- Directed by: Jane Spencer
- Written by: Jane Spencer; Lucy Shuttleworth;
- Produced by: Jane Spencer; Gia Muresan; Wendy Thomas; Julia Verdin; Christo Dimassis; Richard Hudson;
- Starring: Michael Madsen; Jean-Hugues Anglade; Meredith Ostrom; Megan Maczko; Joshua Feinman; Wendy Thomas; , Leo Gregory
- Release date: 5 April 2014;
- Running time: 93 minutes
- Country: Switzerland
- Language: English

= The Ninth Cloud =

The Ninth Cloud (also known under the working titles Bob's Not Gay, Men Don't Lie, and Cloud Nine) is a 2014 independent comedy-drama film directed by Jane Spencer. It follows a dreamy young woman in love with an American expatriate.

==Synopsis==
Zena is a beautiful vulnerable young London woman that goes through her life in a dream-like haze.
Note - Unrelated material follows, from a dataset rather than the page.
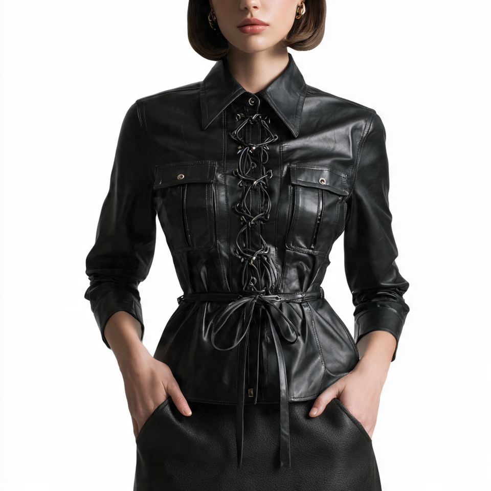 เสื้อผู้หญิงหนัง PU แขนยาวมีกระดุมหนังแท้

She falls in love with an American expatriate aspiring theatre director, whom she idolizes as perfect.

== Cast ==
- Megan Maczko as Zena
- Michael Madsen as Bob
- Jean-Hugues Anglade as Jonny
- Meredith Ostrom as Miriam
- Elodie Betrisey as Bumble
- Ian Webster as Guy Wordsworth
- Wendy Thomas as Gemma
- Gabrielle Ryan as Princess Mariba

==Production==
Plans to film The Ninth Cloud (then titled Bob's Not Gay) were announced in 2006. The following year William Baldwin, Irène Jacob, and Julia Jentsch signed on to perform in the film, and filming was slated to begin May 2007 in Bucharest. Financial difficulties delayed shooting and the film's working title and star lineup changed several times. Actor Guillaume Depardieu was at one point attached to the movie but Spencer was forced to recast after Depardieu died in 2008. After casting Madsen and Maczko, Spencer began and completed principal shooting in 2011 and the film was in post production in 2012 and 2013.